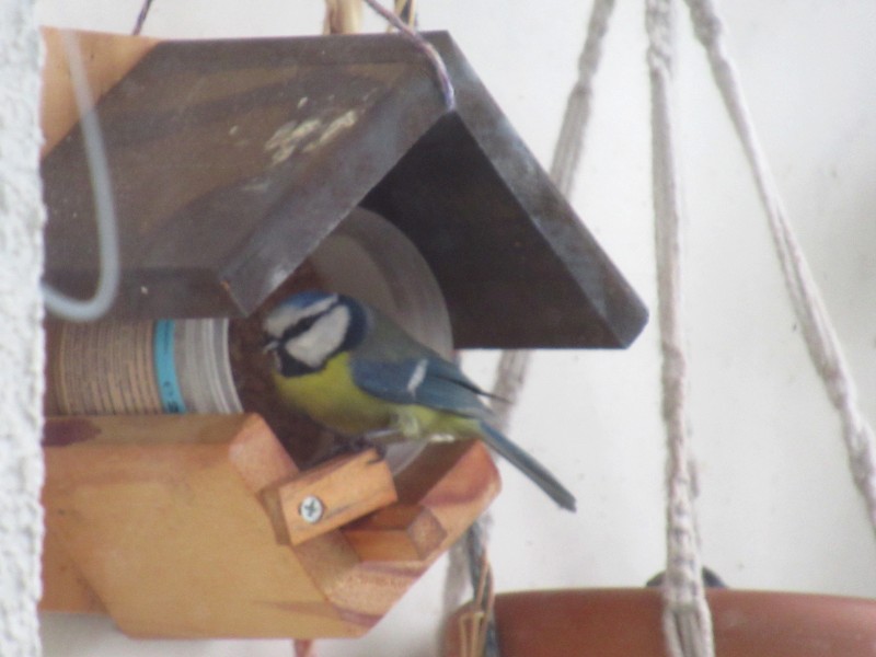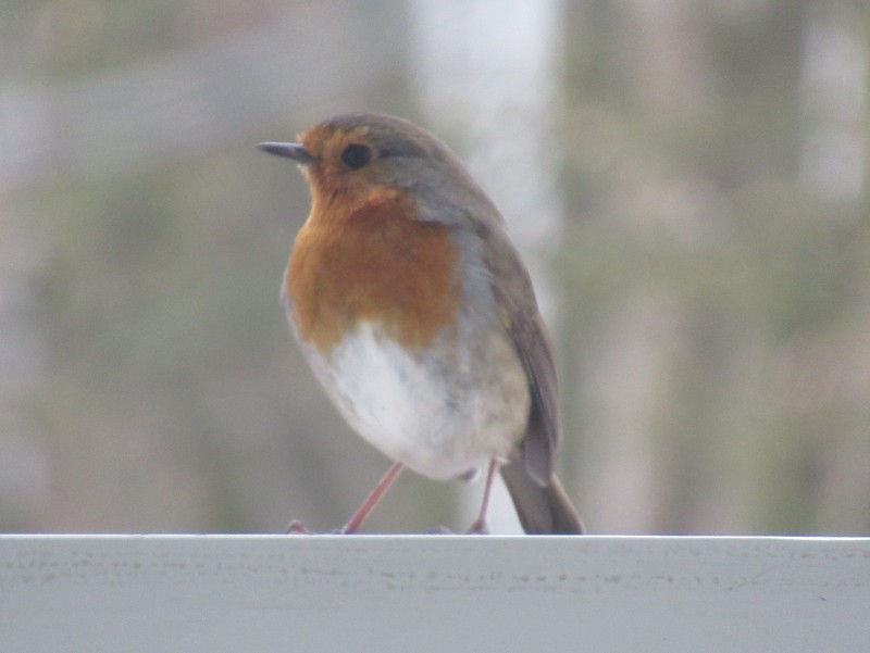 Neuerdings besucht mich, neben den Blau- und Kohlmeisen, regelmäßig ein zaghaftes Rotkehlchen an meiner Balkonfütterung.
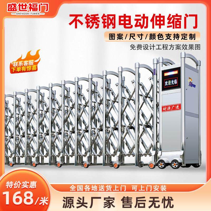 直销304不锈钢伸缩门电动大门折叠工厂小区工地学校自动收缩推拉
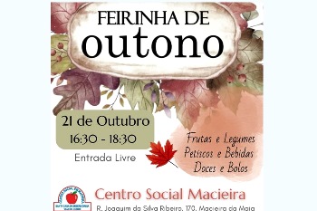 O tempo passa a correr e não tarda muito está aí o Natal e em Macieira da Maia,Vila do Conde, o Centro Social da Santa Casa quer levar as crianças a uma atividade natalícia, mas necessita de fundos. Para isso, refere uma informação da Misericórdia, esta sexta-feira entre as quarto e meia e as seis e meia da tarde a comunidade está convidada a passar por uma “Feirinha de Outono” e apreciar os produtos caseiros que vão estar à venda no local, desde frutas a legumes, petiscos salgados e bebidas, assim como doces e bolos caseiros “preparados com a participação de todo o Centro Social e famílias”.
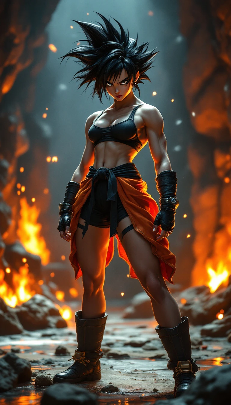 Masterpiece, Cinematic, Highly Detailed, 8K, HDR, Sharp Focus, Dynamic Lighting. In reference of the Dragonball Z Universe, gender swap of the main character Goku/Kakarot into, a strong powerful athletic muscular build female, with spiked but fashoned black hair, very toned and defined muscles, visible six pack abs, wearing weighted gloves and shins and boots, having a tank top and short shorts with a weighted belt, training in the hyperbolic time chamber in the fire/ice area charging up a Kamehameha,

> PROBLEM REQUIREMENTS:
Return the data exactly. Pictures stay out.

> YOUR SOLUTION:
 Neuerdings besucht mich, neben den Blau- und Kohlmeisen, regelmäßig ein zaghaftes Rotkehlchen an meiner Balkonfütterung.
 直销304不锈钢伸缩门电动大门折叠工厂小区工地学校自动收缩推拉
 O tempo passa a correr e não tarda muito está aí o Natal e em Macieira da Maia,Vila do Conde, o Centro Social da Santa Casa quer levar as crianças a uma atividade natalícia, mas necessita de fundos. Para isso, refere uma informação da Misericórdia, esta sexta-feira entre as quarto e meia e as seis e meia da tarde a comunidade está convidada a passar por uma “Feirinha de Outono” e apreciar os produtos caseiros que vão estar à venda no local, desde frutas a legumes, petiscos salgados e bebidas, assim como doces e bolos caseiros “preparados com a participação de todo o Centro Social e famílias”.
 Masterpiece, Cinematic, Highly Detailed, 8K, HDR, Sharp Focus, Dynamic Lighting. In reference of the Dragonball Z Universe, gender swap of the main character Goku/Kakarot into, a strong powerful athletic muscular build female, with spiked but fashoned black hair, very toned and defined muscles, visible six pack abs, wearing weighted gloves and shins and boots, having a tank top and short shorts with a weighted belt, training in the hyperbolic time chamber in the fire/ice area charging up a Kamehameha,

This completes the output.